Já tenho incubado os ovos em água nova, sem cloro, e em turfa muito húmida (grau 5 na escala de Langton). Este último suporte apresenta algumas vantagens. Sincroniza melhor a data de eclosão principalmente quando as datas das posturas estão desfasadas e é o meio por excelência para enviar ovos por correio.
 
Os alevins de Epiplatys grandes nascem geralmente com dimensões que lhes permitem a alimentação com nauplii mas como precaução, poder-se-á incluir alguns infusórios nos dois ou três primeiros dias. Em certas espécies a alimentação dos alevins nas primeiras duas semanas com infusórios é essencial à sua sobrevivência, tais como os de E. singa, E. chaperi e E. (pseudep.) annulatus.
 
Quando se tem o cuidado de separar os pais antes de uma postura, e se alimentam substancialmente com comida viva e variada, o nº de ovos aumenta substancialmente. Já fiz recolhas semanais de mais de 80 ovos férteis por casal de E. chaperi Angona e E. guineensis CI94. Outras espécies são marcadamente menos prolíficas tais como E. lamottei e E. zimiensis, para os quais 10 a 15 ovos por semana já é uma proeza.
 
A única dificuldade entre os Epiplatys é a relativa lentidão com que crescem.
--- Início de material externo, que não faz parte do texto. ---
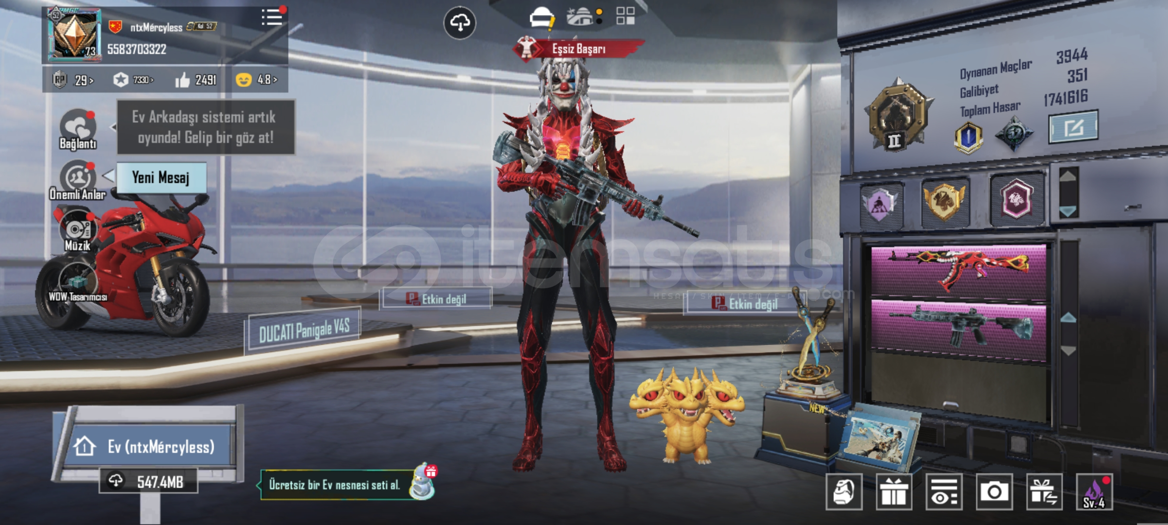 2 seviye buz diyarı. 49 destansı dücatti motor. Firavun çanta kızıl ötesi nihai seti ve çantası. 74 seviye.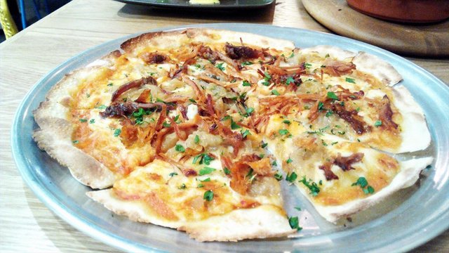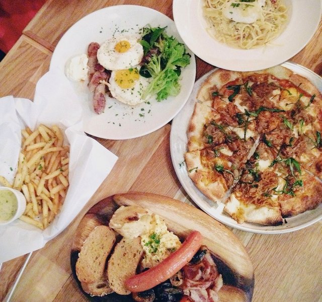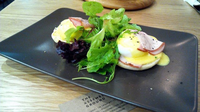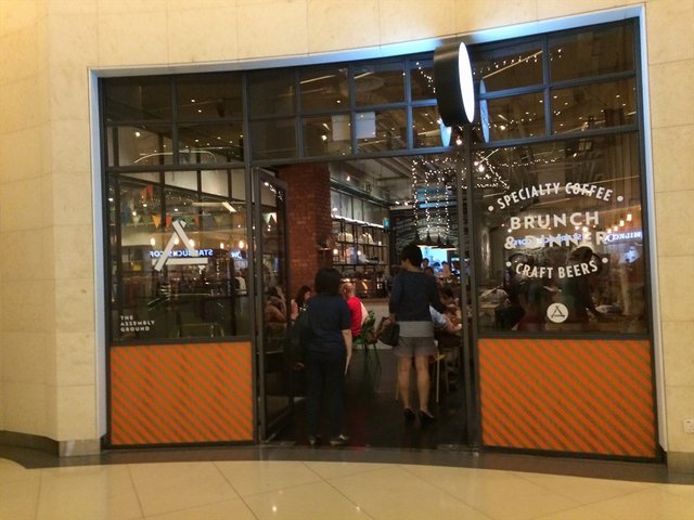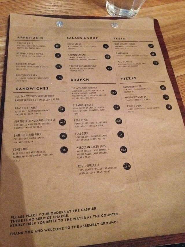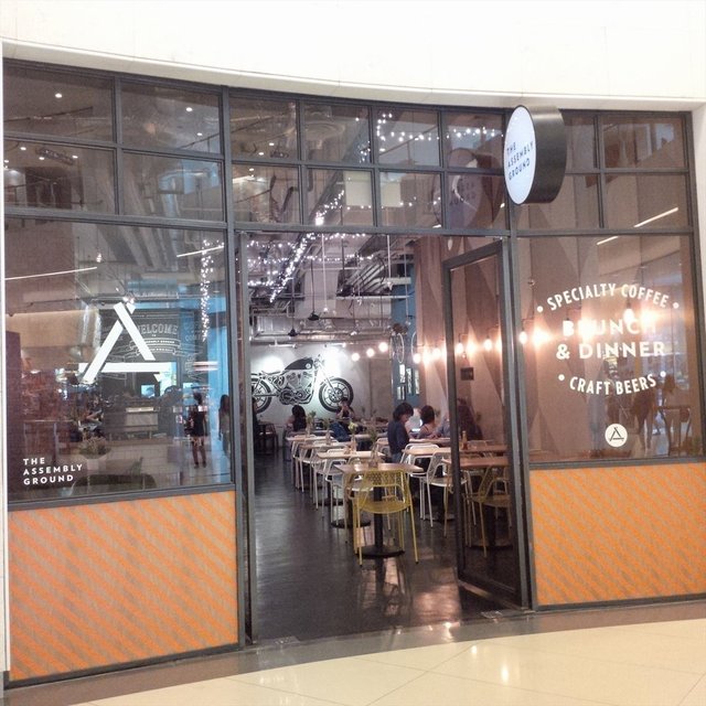 For more reviews, visit www.umakemehungry.comThe Assembly Ground is located at the first level of the Cathay suitable, an ideal place for coffee lovers to gather or even those who enjoy gathering over craft beers too.Interior was industrial themed with wooden tables furnishing giving a classic cafe vibe in a hippie atmosphere with bicycles hanging on the wall and LED lightings hanging down from the cable tray.While waiting for all members of the group to be present on our gathering. We started to chat among ourselves over their appetizers. There were not much choice for appetizers and Straight Cut Fries were Served with Parmesan and tartar sauce.These bite sized chicken tenders were bigger than what we had in the fast food chains. Crispy and served with spicy mayo.Having the best of its meat and crispy fish skin salad with Parmesan fries and Wasabi Aioli.Pasta was kind of overdone and soggy. It was served with slices of chicken sausage with bacon, chilli, basil in white wine as well as garlic.One of us termed this as "vegetarian" burger as it was mostly vegetables without meat. Created with U.S Portobello, mushroom jery, mozzarella, cheddar, cheery tomato, chutney and arugula.The staple dish that almost every table ordered was none other than their Brunch set, Assembly Brunch. The platter was served on a wooden board with scrmbled eggs, wiener sausage, sauteed mushrooms, potato gratin, roasted cherry tomatoes, toast, choice of smoked salmon or bacon.Pizza was the best order of the night, thin crust filled with ingredients like baked ham, sauteed mushrooms & truffle oil. What made this special was the runny egg in the centre.Overall, the service at Assembly Ground was friendly and efficient. I won't mind being back for gathering again.…查看更多

O tamanho máximo só se atinge entre 6 meses e um ano, dependendo da espécie, e isso nas condições óptimas (renovações parciais de água frequentes, alimentação abundante e variada e espaço suficiente).
 
Os killies deste género muito raramente se encontram à venda nas lojas de aquarofilia, talvez à excepção do E. dageti monroviae. Actualmente mantenho 6 espécies (E. chaperi Angona, E. guineensis CI94, E. zimiensis Perie, E. fasciolatus totaensis Harbel, E. singa CI94 e E. lamottei Koulé), das quais reproduzo actualmente as três primeiras.